───── Data excerpts ─────

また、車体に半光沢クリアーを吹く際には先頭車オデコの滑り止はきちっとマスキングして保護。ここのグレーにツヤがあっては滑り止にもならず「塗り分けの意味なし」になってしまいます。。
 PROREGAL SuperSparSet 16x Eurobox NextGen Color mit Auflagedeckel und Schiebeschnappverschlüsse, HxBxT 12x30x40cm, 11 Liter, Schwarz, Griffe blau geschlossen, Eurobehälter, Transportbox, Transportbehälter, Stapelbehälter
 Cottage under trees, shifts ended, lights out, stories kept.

─────
───── Data excerpts ─────

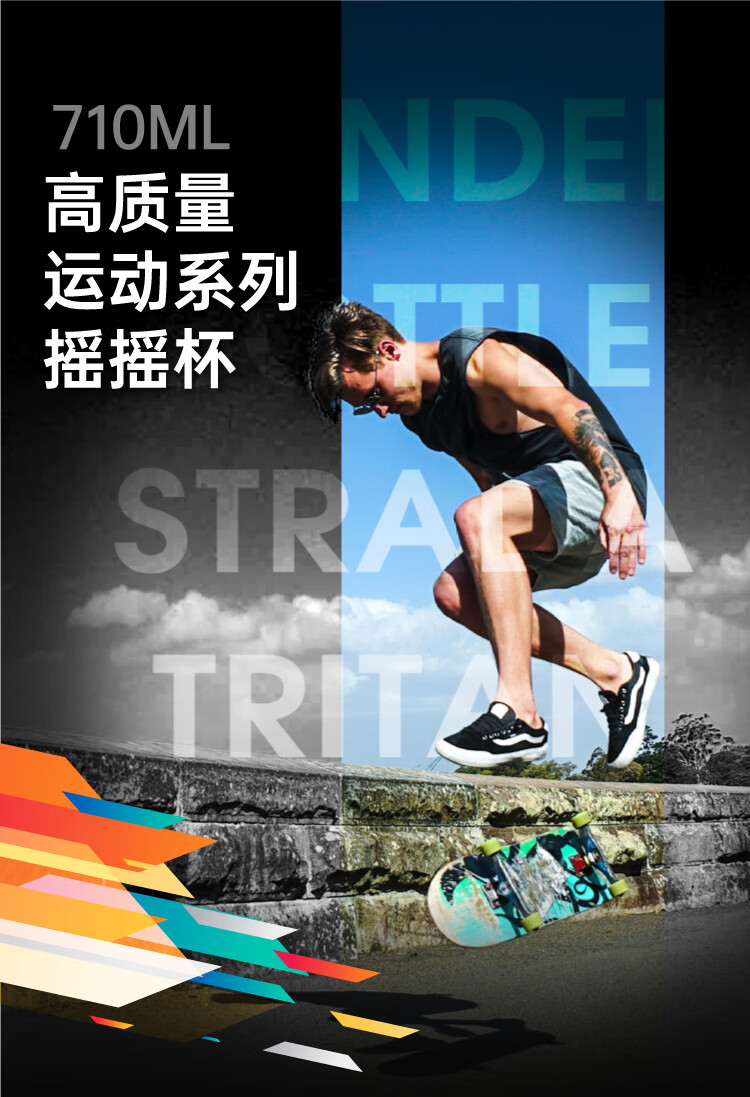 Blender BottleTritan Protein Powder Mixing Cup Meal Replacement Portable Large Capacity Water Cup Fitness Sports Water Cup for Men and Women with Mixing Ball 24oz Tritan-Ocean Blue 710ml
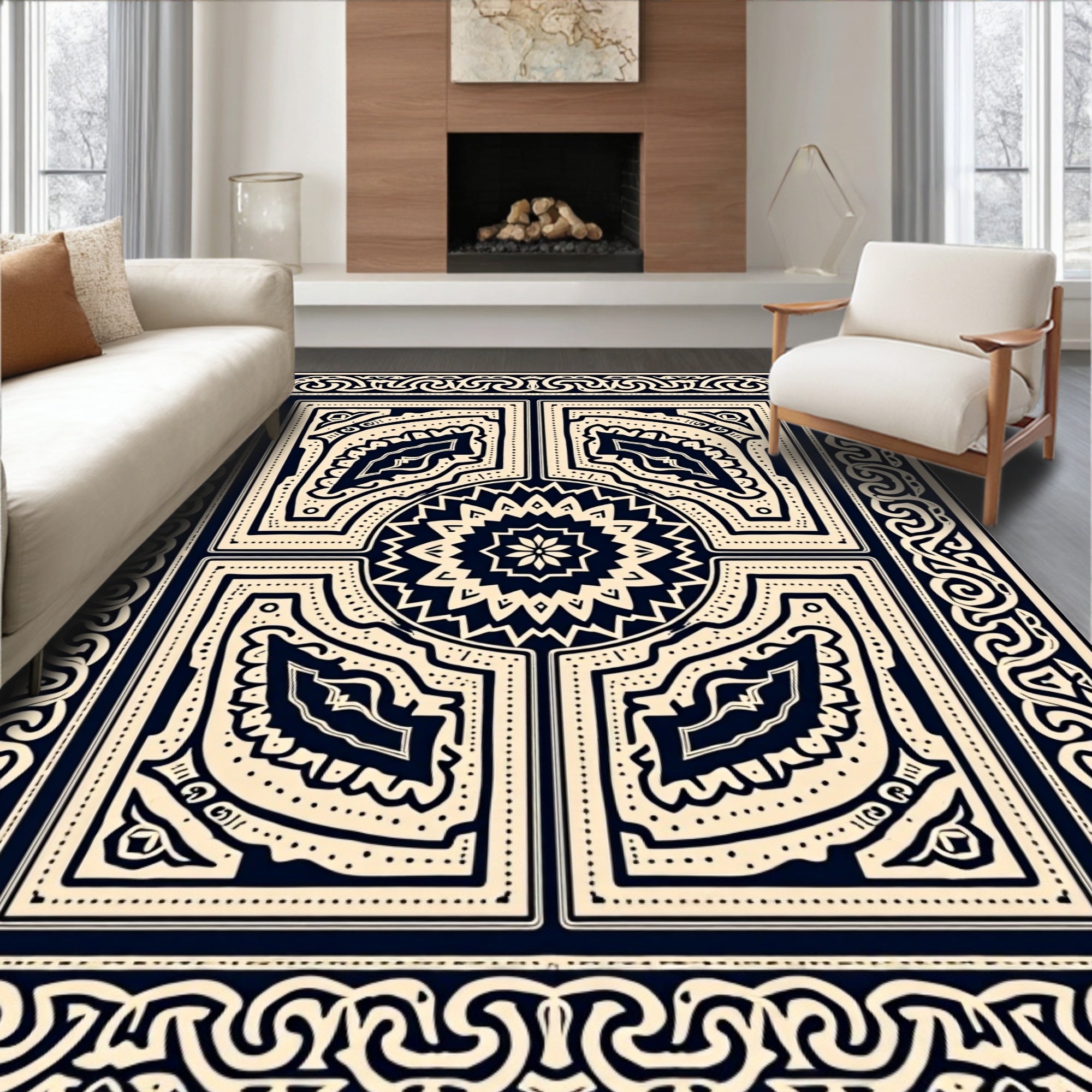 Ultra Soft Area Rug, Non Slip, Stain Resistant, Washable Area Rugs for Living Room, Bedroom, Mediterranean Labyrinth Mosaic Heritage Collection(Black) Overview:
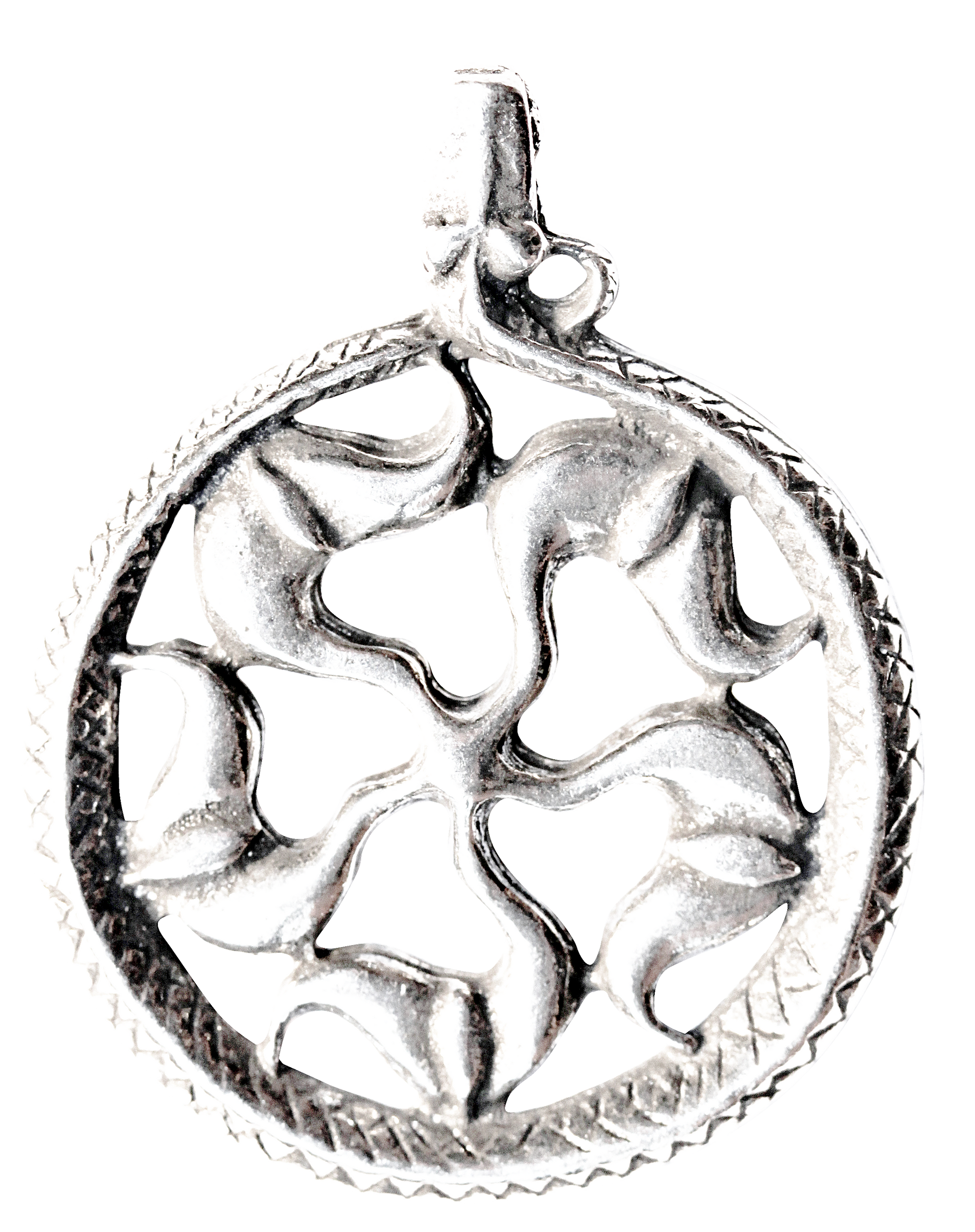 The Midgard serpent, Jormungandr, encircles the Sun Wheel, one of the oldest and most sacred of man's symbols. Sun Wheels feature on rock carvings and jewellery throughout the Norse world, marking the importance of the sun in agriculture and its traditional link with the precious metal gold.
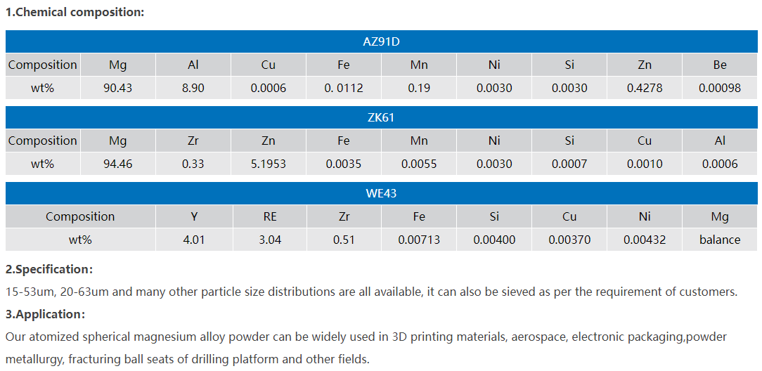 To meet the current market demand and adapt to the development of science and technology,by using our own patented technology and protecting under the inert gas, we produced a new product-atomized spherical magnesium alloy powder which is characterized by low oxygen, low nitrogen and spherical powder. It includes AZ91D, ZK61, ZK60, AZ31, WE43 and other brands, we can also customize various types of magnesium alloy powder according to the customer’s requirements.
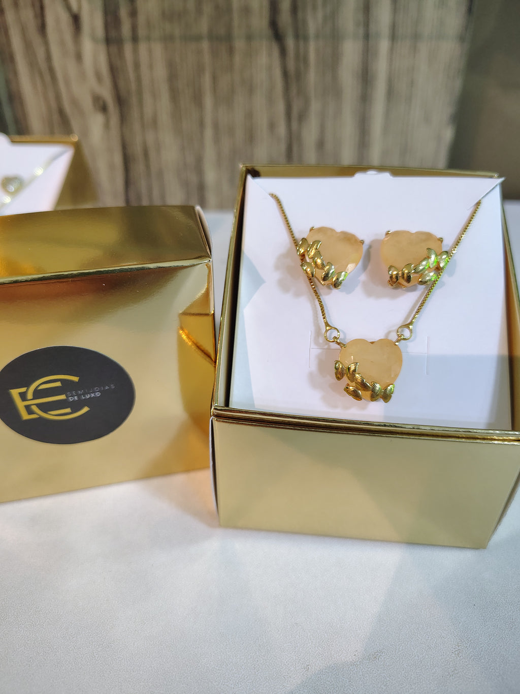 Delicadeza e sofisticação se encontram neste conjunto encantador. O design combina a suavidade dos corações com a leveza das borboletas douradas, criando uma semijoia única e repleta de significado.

─────

> _Problem_: Copy the lines above exactly, starting at the one with "To meet the" and ending at the one with "Delicadeza e sofisticação", both included. Leave out any pictures and add nothing else.

> _Output below_:
 To meet the current market demand and adapt to the development of science and technology,by using our own patented technology and protecting under the inert gas, we produced a new product-atomized spherical magnesium alloy powder which is characterized by low oxygen, low nitrogen and spherical powder. It includes AZ91D, ZK61, ZK60, AZ31, WE43 and other brands, we can also customize various types of magnesium alloy powder according to the customer’s requirements.
 Delicadeza e sofisticação se encontram neste conjunto encantador. O design combina a suavidade dos corações com a leveza das borboletas douradas, criando uma semijoia única e repleta de significado.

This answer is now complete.